Mary Budd Rowe was a model scientist, ever inquisitive, asking questions no one had asked before. She was a psychologist who specialized in science education. When I first met her in the late 1970’s, she had done pioneering work on “wait time,” the time teachers allow students to ponder a question. She had proved that the longer teachers waited for students to respond, the better the answers the students gave. One time Mary prodded me, “What do you do for the visual learners?” “What do you mean?” I asked. Students, she explained, learn in different ways. Most teachers are attuned to verbal learners; but some students learn from visual cues. After that, in preparing a class, I always imagined how I would diagram my lesson and how I wanted the blackboard to look when class was done.
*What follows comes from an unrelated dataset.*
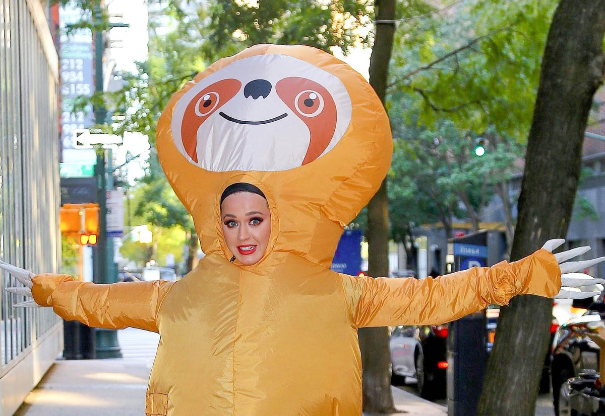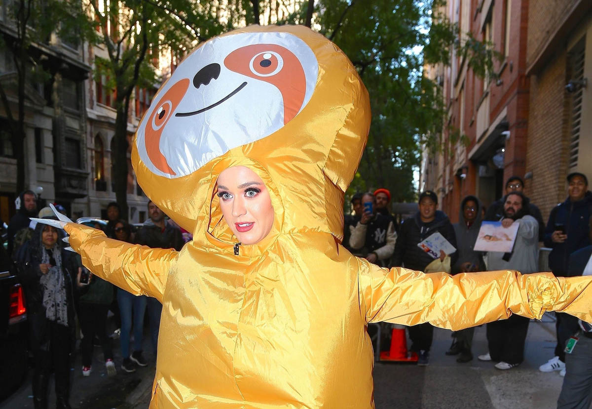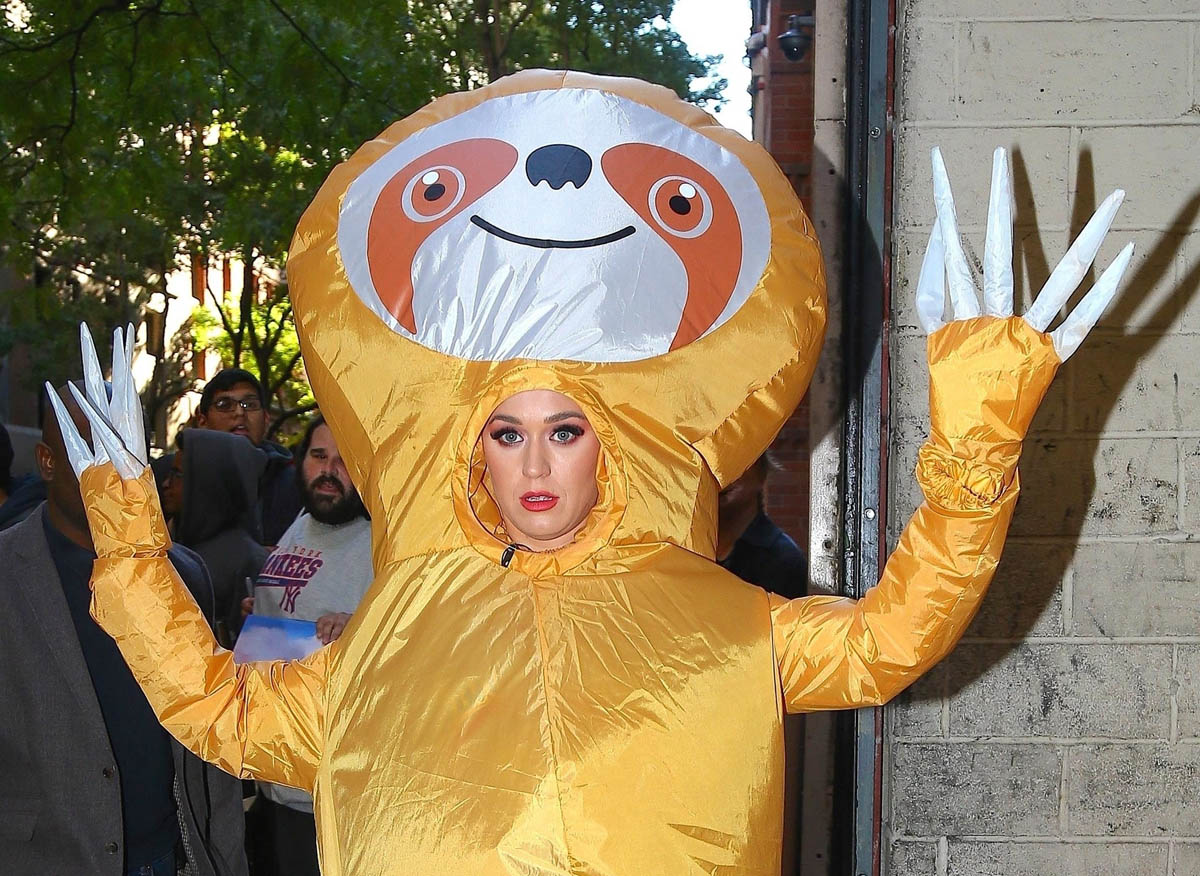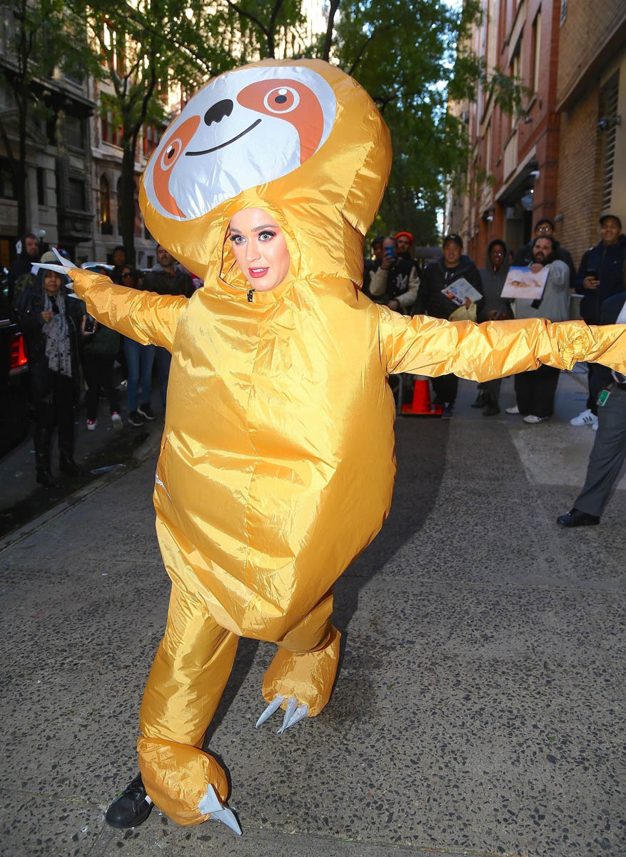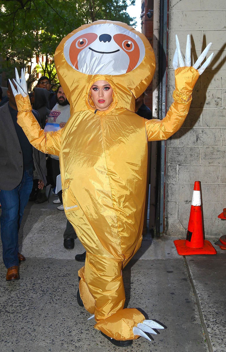 Here’s Katy Perry in New York today dressed as a sloth on her way to LIVE with Kelly and Ryan. You know how certain popstars have claimed certain holidays? Like for Taylor Swift, it’s the Fourth of July, or at least it used to be. And of course Christmas belongs to Mariah Carey. Kate Hudson has a Halloween party every year but I don’t think she owns the spirit of Halloween. Plus she’s not a popstar. To me, the perfect popstar for Halloween is Katy Perry. Think about it. Katy Perry’s style is caricature. Her clothes always look like they’ve been cartooned. Everything she wears, even when it’s not a costume, looks like a Halloween costume, not only in the colours and the shapes but also in the quality. Halloween costumes are never high quality – the stitching looks like it’ll barely hold together, the whole point is that it’s temporary and therefore not worth the time to put the quality into. That’s how Katy Perry dresses! She is Halloween! Her Super Bowl halftime show was Halloween! Like I saw these photos of her at on the agency database and almost skipped over them because they seemed so normal to me. There’s Katy, looking exactly the way Katy does all the time.

In the late 1970’s, Mary accepted a temporary position at the National Science Foundation, heading its programs on secondary school science education. I passed on to her a lecture I had given on science and ethics. She returned it with excitement. “We have spent hundreds of thousands of dollars trying to explain ‘science literacy’ without success, and here you have done it. May we use it in a volume we are producing?” (Science literacy referred to the kind of non-technical knowledge of science the average citizen needed to follow newspaper reports and public debates on scientific issues.) I agreed, and my essay became the introduction to a book entitled Education for the 80s: Science.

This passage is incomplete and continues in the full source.